Sir Malcolm Campbell's grandson takes record-breaking Blue Bird out for a spin
They say history has an uncanny way of repeating itself - and the grandson of motoring daredevil Sir Malcolm Campbell can prove it.
Don Wales, 54, got behind the wheel of the car his grandfather used to smash the land-speed record 90 years ago.
In 1925, the 350hp Sunbeam topped 150mph on the sands of Pendine in west Wales, making history and entering the record books in the process.
Fast-forward to 2015 and it was Mr Wales in the driving seat as a crowd of hundreds witnessed the classic 22ft supercar roar once more.
The event was organised by the National Motor Museum in Beaulieu, Hampshire, whose mechanics spent more than 2,000 hours restoring just the engine.
Although the 18.3-litre monster was not fully let off the leash during a low-speed demonstration, the car known as Blue Bird still possessed its distinctive roar.
Mr Wales, who even donned the same style clothing as Sir Malcolm, said: "It's quite incredible to think that 90 years ago today my grandfather achieved 150mph in this machine.

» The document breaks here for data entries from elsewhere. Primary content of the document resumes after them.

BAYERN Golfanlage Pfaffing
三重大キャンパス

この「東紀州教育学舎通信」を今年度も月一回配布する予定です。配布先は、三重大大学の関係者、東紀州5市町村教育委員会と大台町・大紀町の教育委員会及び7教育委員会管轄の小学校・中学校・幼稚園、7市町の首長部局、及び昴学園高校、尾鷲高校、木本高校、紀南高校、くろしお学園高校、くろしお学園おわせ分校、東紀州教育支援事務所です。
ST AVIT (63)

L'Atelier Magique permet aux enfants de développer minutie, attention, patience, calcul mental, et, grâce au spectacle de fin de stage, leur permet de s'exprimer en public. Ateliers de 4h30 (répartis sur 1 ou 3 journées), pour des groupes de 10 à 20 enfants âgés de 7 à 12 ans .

"To even sit in the car is something special, let alone drive it.
"I think if he were alive today he would probably be on my shoulder saying 'go on son, put your foot down more', because he was driven by speed.

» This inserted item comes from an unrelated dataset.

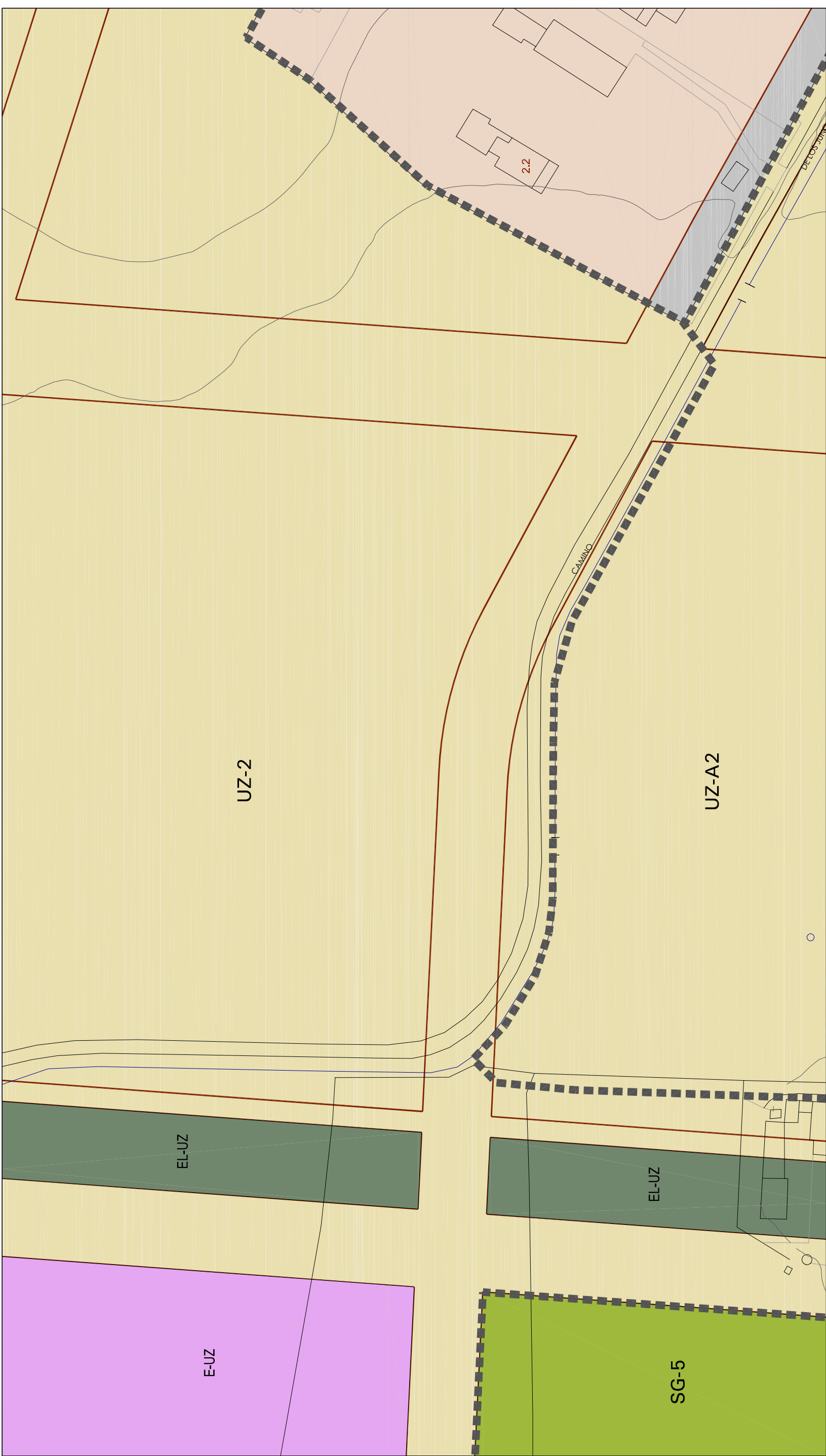
Localización en término municipal

"It's a fantastic machine and feeling the wind in your hair was something else."
Mr Wales, also a land-speed record holder at one time, added: "I was very nervous beforehand because I had never driven the car before - and I didn't want to blot my copybook.

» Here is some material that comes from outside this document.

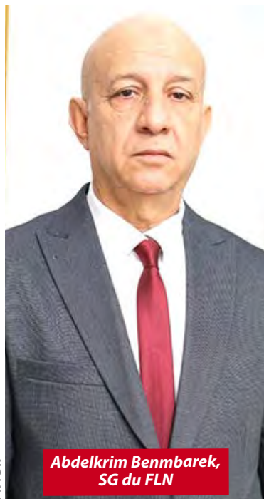
Abdelkrim Benmbarek, SG du FLN

"It has fearsome power and just kept wanting to go faster. It's a real feat of engineering."
Blue Bird was the brainchild of Sunbeam's chief engineer and racing team manager Louis Coatalen. Constructed at the company's works in Wolverhampton in 1919 and early 1920, its power came from a modified 18.322-litre V12 modified Manitou Arab aero engine.
The Sunbeam, renamed Blue Bird by Sir Malcolm, took three world land-speed records, the first by Kenelm Lee Guinness at Brooklands in 1922 with a speed of 133.75mph.
Sir Malcolm then purchased the car, had it painted in his distinctive colour scheme and in September 1924 achieved a new record of 146.16mph at Pendine, raising it the following year to 150.76mph.
The car was later sold and passed through a number of owners but was in poor condition when it was purchased by Lord Montagu in 1957 for his expanding motor museum.
It was restored to working order and when not on display it was taken to motoring venues in the UK, Europe and as far afield as South Africa.
Its last proper outing was at the British Automobile Racing Club Festival of Motoring at Goodwood in July 1962 when Lord Montagu took it on a three-lap demonstration run and Sir Malcolm's son Donald did a lap of honour.
However, during a test fire-up in 1993 disaster struck when a blocked oilway in the engine caused it to seize and "throw a rod".
For several years after that, the car was on display in the museum with a very visible hole in its engine where the piston and connecting rod had exited.
But in January last year, the Sunbeam was fired up again - the first time it had been heard in public in more than 50 years - thanks to the National Motor Museum's workshop team.
Doug Hill, the museum's manager and chief engineer, said everyone connected with the Blue Bird was delighted to be able to celebrate its achievements.
He added: "Having spent over 2,000 hours on the engine alone, this low speed commemorative demonstration run is a fitting tribute both to the team of engineers at the museum involved in its restoration and to the original creators of the car.
"It is also a tribute to Lord Montagu who had the foresight to preserve this iconic motor car and to the courage and determination of Sir Malcolm Campbell."